_GIVEN DATA_
□ □ □
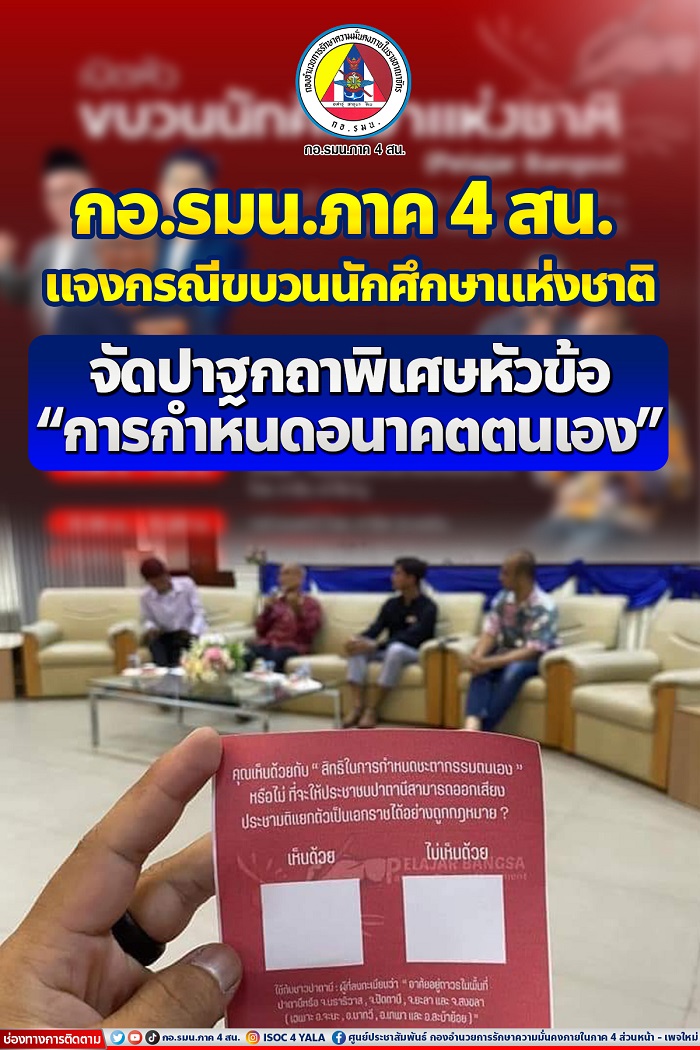 จากกรณีดังกล่าว กองอำนวยการรักษาความมั่นคงภายในภาค 4 ส่วนหน้า ได้เข้าทำการตรวจสอบข้อเท็จจริงและข้อมูลเชิงลึกอย่างรอบด้านแล้วพบว่าขบวนการนักศึกษาแห่งชาติ (pelajar Bangsa) เป็นองค์กรเคลื่อนไหวทางการเมืองจัดตั้งขึ้นจากการรวมตัวของนิสิตนักศึกษาในพื้นที่จังหวัดชายแดนภาคใต้ และได้เคลื่อนไหวเรียกร้องในเรื่องสิทธิในการกำหนดใจตนเอง (right to self determination) ทั้งในและนอกพื้นที่จังหวัดชายแดนภาคใต้มาอย่างต่อเนื่อง และต่อมาได้เปลี่ยนชื่อองค์กรเป็นขบวนการนักศึกษาแห่งชาติเมื่อ 31 พฤษภาคม 2566 โดยมี นายอิรฟาน อุมา เป็นประธานขบวนการนักศึกษาแห่งชาติคนปัจจุบัน สำหรับการจัดกิจกรรมเมื่อ 7 มิถุนายน 2566 พบว่าเป็นการเปิดตัวขบวนการนักศึกษาแห่งชาติ โดยมีนักการเมือง, สมาชิกพรรคการเมือง, นักวิชาการรวมทั้งเครือข่ายนักศึกษาเข้าร่วมและสนับสนุนกิจกรรมจำนวนหนึ่ง โดยจากการตรวจสอบรายละเอียดของกิจกรรมพบว่ามีหลายประเด็นที่ล่อแหลมหมิ่นเหม่และอาจเข้าข่ายต่อการละเมิดหลักกฏหมาย โดยขอยืนยันว่าภาครัฐได้ส่งเสริมและสนับสนุนสิทธิและเสรีภาพในการแสดงออกและแสดงความคิดเห็นทางการเมืองภายใต้ระบอบประชาธิปไตยอันมีพระมหากษัตริย์ทรงเป็นประมุขของปวงชนชาวไทยทุกเชื้อชาติ ทุกศาสนา โดยไม่เลือกปฏิบัติทางเชื้อชาติในทุกรูปแบบ แต่การแสดงออกดังกล่าวจะต้องไม่ไปละเมิดต่อหลักกฏหมายและบูรณภาพแห่งดินแดนที่ได้กำหนดไว้ในรัฐธรรมนูญแห่งราชอาณาจักรไทยที่ได้ระบุไว้ว่า ”ประเทศไทยเป็นราชอาณาจักรอันหนึ่งอันเดียวจะแบ่งแยกมิได้” ทั้งนี้ ขอยืนยันว่าการลงประชามติเพื่อแยกตัวเป็นเอกราช ไม่สามารถกระทำได้ เพราะเป็นการละเมิดกฏหมายและบูรณภาพแห่งดินแดนและเป็นภัยต่อความมั่นคงแห่งรัฐ โดยปัจจุบันเจ้าหน้าที่อยู่ระหว่างการรวบรวมพยานหลักฐานและตรวจสอบพฤติกรรมของผู้ที่มีส่วนเกี่ยวข้องกับกิจกรรมในครั้งนี้ เพื่อดำเนินการตามอำนาจหน้าที่ที่ได้กำหนดไว้ตามความเหมาะสมต่อไป
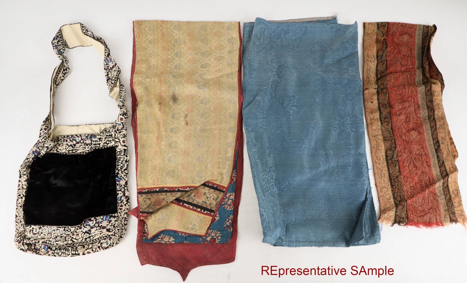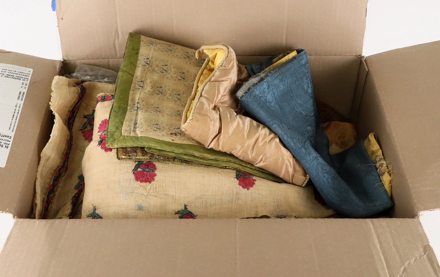 Antique textile collection of various pieces of antiquarian cloth from the Belle Northrup collection, professor at a Columbia University, teaching classes on art and textiles until McCarthy got her "red-listed" and ruined her career about 1950. Northrup wrote a text on antiquarian textiles which was about to get published. That draft currently sits at the Nevada Historical Society. We are not textile experts, so you'll have to be the judge. This group was held by the family, and another part was gifted years ago to NHS.
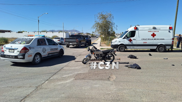 Delicias.- El percance vial en donde resultó lesionado el motociclista fue en la C.9na y Av. 16 sur.
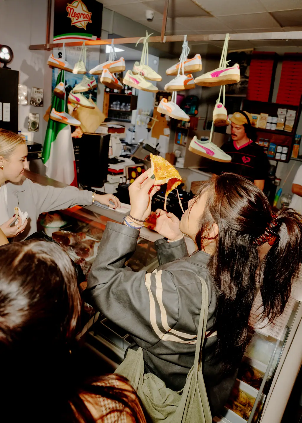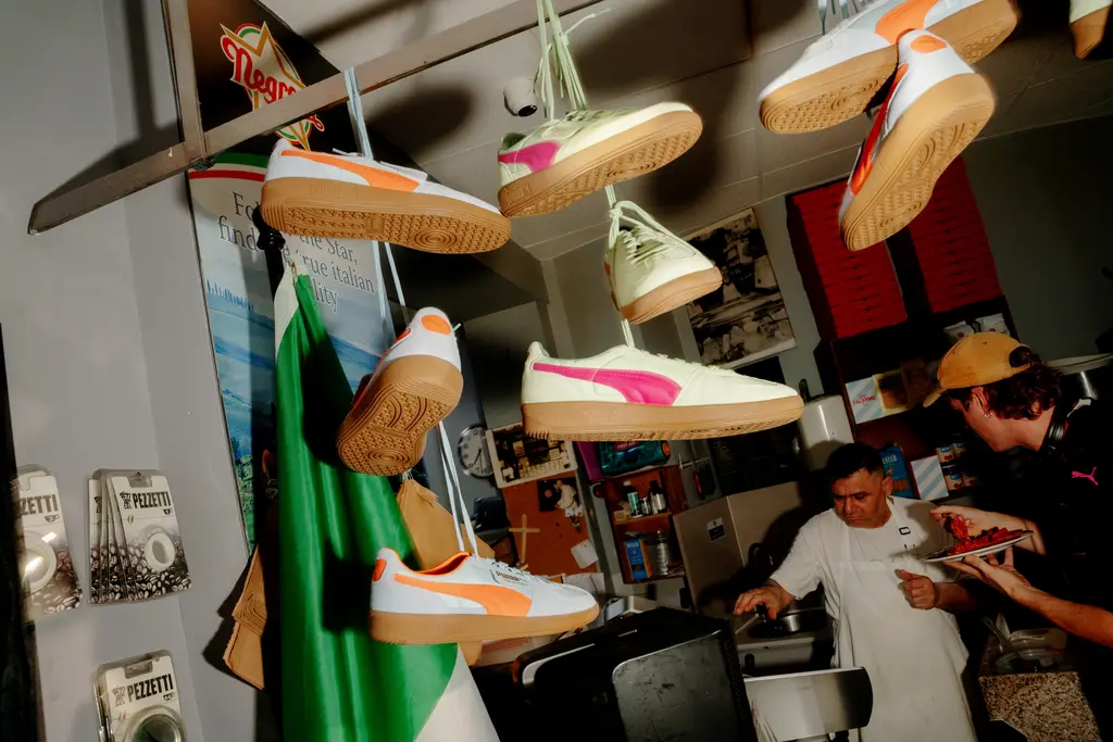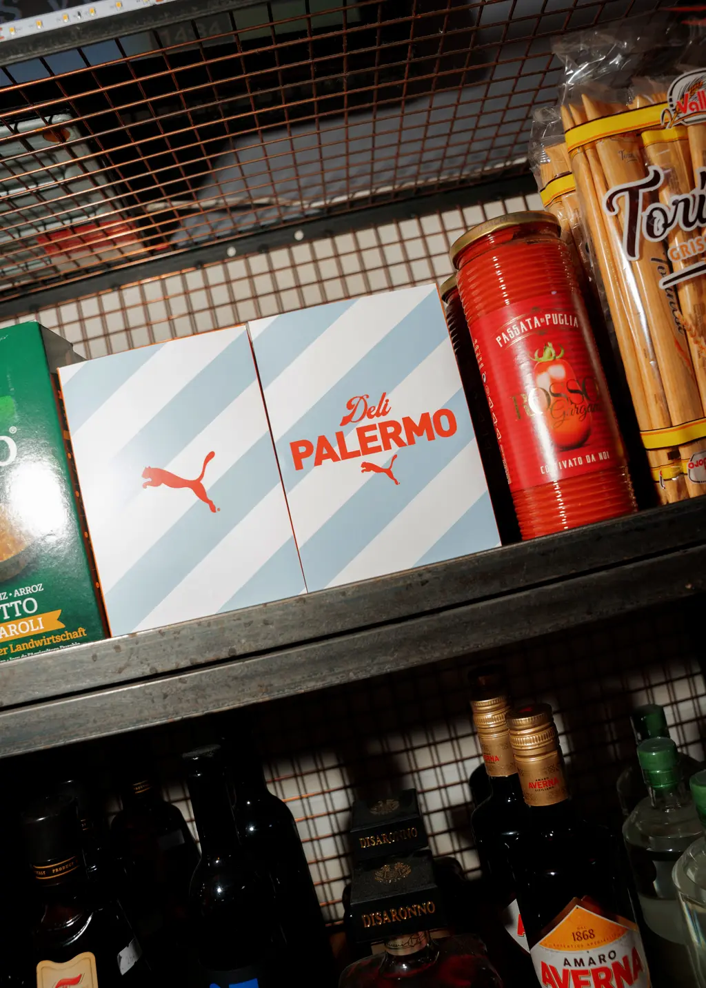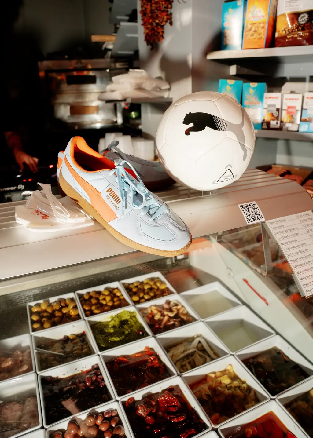 Imagine our delight, then, when we found out that PUMA was turning Terroni of Clerkenwell – London’s oldest Italian deli – into Deli Palermo on a Thursday night to mark the return of its legendary Palermo shoe. A mainstay of footie stadia back in the ‘80s, it’s now got two new box-fresh colourways inspired by Sicily’s fruit markets.
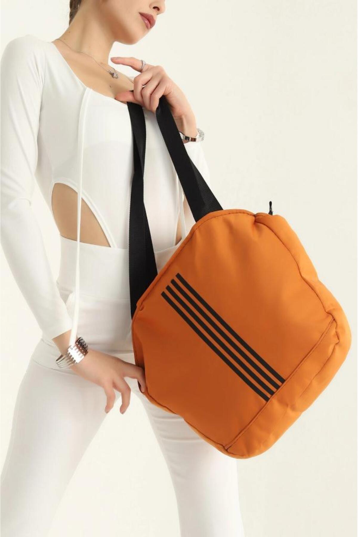 turuncu Yumuşak Bez Kumaş Kol Ve Omuz Çantası ağzı fermuarlı kadın çanta çizgili turuncu Yumuşak Bez Kumaş Kol Ve Omuz Çantası ağzı fermuarlı kadın çanta çizgili تک سایز
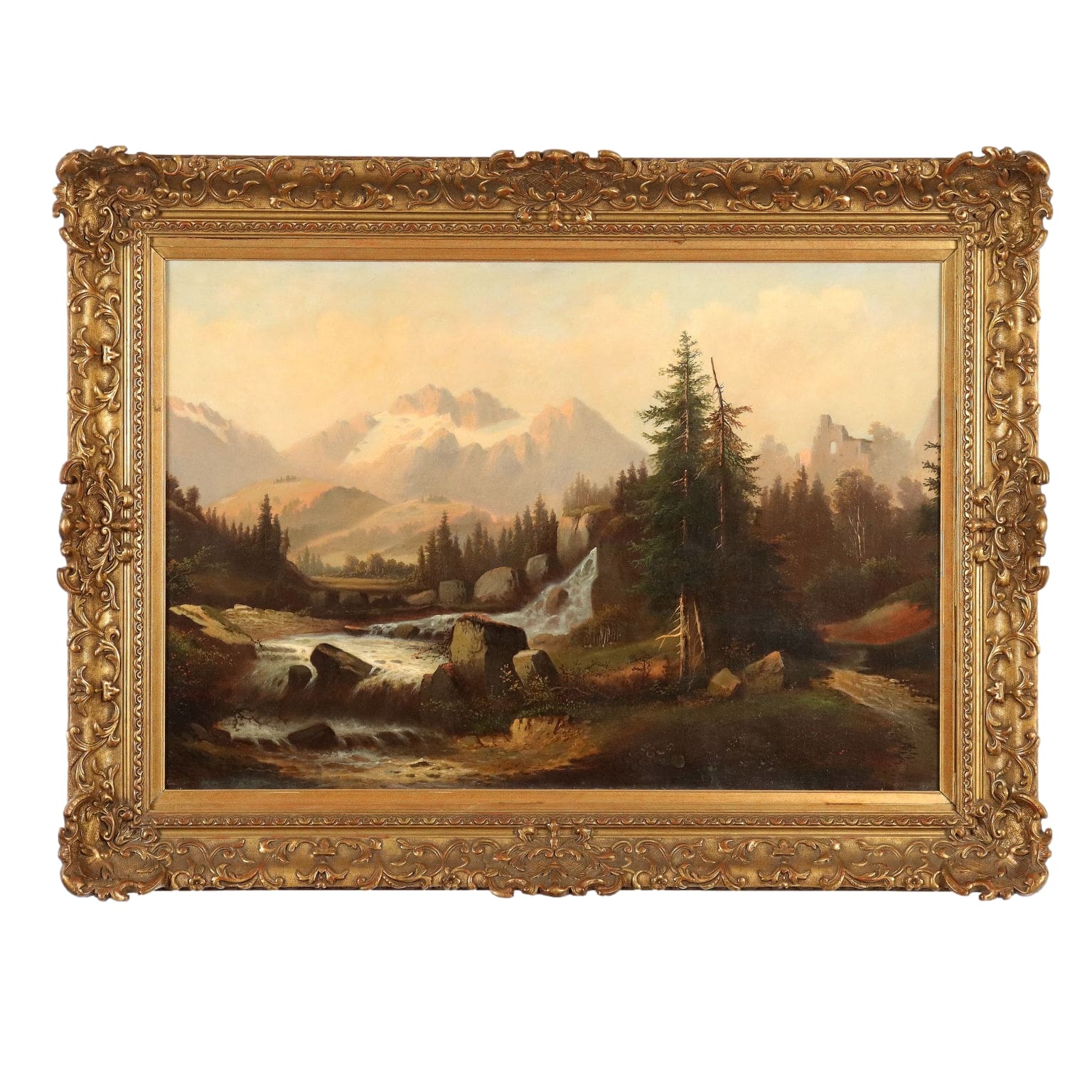Oil on canvas. Central European school of the late 19th-early 20th century. Unidentified signature on the lower right. The landscape glimpse shows a countryside with coniferous woods, crossed by a stream and dominated by rocky peaks. The painting is presented in a golden frame from the early 20th century, with decorations and friezes.
□ □ □
The line containing "çizgili تک سایز" and every line after it, through the end of the data, are to be output exactly. Omit the pictures.

_SOLUTION TO THIS TASK_
 turuncu Yumuşak Bez Kumaş Kol Ve Omuz Çantası ağzı fermuarlı kadın çanta çizgili turuncu Yumuşak Bez Kumaş Kol Ve Omuz Çantası ağzı fermuarlı kadın çanta çizgili تک سایز
Oil on canvas. Central European school of the late 19th-early 20th century. Unidentified signature on the lower right. The landscape glimpse shows a countryside with coniferous woods, crossed by a stream and dominated by rocky peaks. The painting is presented in a golden frame from the early 20th century, with decorations and friezes.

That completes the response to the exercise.